I'm getting a weird type of error while running

Question

Write a program that will take a string S as input and will remove vowels a, e, i, o, u (in lower or upper case) from the string. If two or more than two vowels occur together, then the program shall ignore all of those vowels.

#include <bits/stdc++.h>
#define rep(a, b, c) for (int a = b; a < c; a++)
#define vi vector<int>
using namespace std;
int main()
{
    bool yo;
    yo = false;
    int he;
    string s = "Heel";
    int i = 0;
    // cin >> s;
    while (i < s.length())
    {

        if (s[i] == 'a' || s[i] == 'e' || s[i] == 'i' || s[i] == 'o' || s[i] == 'u' || s[i] == 'A' || s[i] == 'E' || s[i] == 'I' || s[i] == 'O' || s[i] == 'U')
        {

            if (s[i + 1] == 'a' || s[i + 1] == 'e' || s[i + 1] == 'i' || s[i + 1] == 'o' || s[i + 1] == 'u' || s[i + 1] == 'A' || s[i + 1] == 'E' || s[i + 1] == 'I' || s[i + 1] == 'O' || s[i + 1] == 'U')
            {
                while (s[he + 1] != 'a' || s[he + 1] != 'e' || s[he + 1] != 'i' || s[he + 1] != 'o' || s[he + 1] != 'u' || s[he + 1] != 'A' || s[he + 1] != 'E' || s[he + 1] != 'I' || s[he + 1] != 'O' || s[he + 1] != 'U' || he < s.length())
                {
                    he++;
                }
            }
            else
            {
                s.erase(remove(s.begin(), s.end(), s[i]), s.end());
            }
            i = i + he;
            he = 0;
        }
        else
        {
            i++;
        }
    }
    cout << s;
    return 0;
}

Answer 1

s = input().lower()
vowels = {'a', 'e', 'i', 'o', 'u'}  # Use a set for faster membership check
lst = []

if len(s) == 0:
    print("")

for i in range(len(s)):
    if s.count(s[i]) == 1 and s[i] in vowels:
        continue
    else:
        lst.append(s[i])

print("".join(lst))



    <pre>
    s = input().lower()
    vowels = {'a', 'e', 'i', 'o', 'u'} 
    lst = []

    if len(s) == 0:
        print("")

    for i in range(len(s)):
        if s.count(s[i]) == 1 and s[i] in vowels:
            continue
        else:
            lst.append(s[i])

    print("".join(lst))

    </pre>

Answer 2

You are getting an access memory violation because s[he + 1] reaches another memory sector that hasn't been reserved to s.

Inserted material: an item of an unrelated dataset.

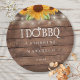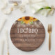 Luzcas cuerdas bonitas y girasoles decoran los detalles de la celebración de su fiesta de compromiso especial en elegante tipografía en un fondo de madera rústica. Diseñado por Thisisnotme

You are creating a kind of infinity loop that runs while any vowel appears and the most important validation is at the end of conditions when it MUST be at the being to validate that there is no chance to touch an invalid sector of memory.

Your code:

while (s[he + 1] != 'a' || s[he + 1] != 'e' || s[he + 1] != 'i' || s[he + 1] != 'o' || s[he + 1] != 'u' || s[he + 1] != 'A' || s[he + 1] != 'E' || s[he + 1] != 'I' || s[he + 1] != 'O' || s[he + 1] != 'U' || he < s.length())

My suggestion:

he = 0;
bound = s.length() - 1;
while (he < bound && (s[he + 1] != 'a' || ... || s[he + 1] != 'U'))
{
  //..
  he++;
}

If he < s.length() the remainder condition wont be evaluated.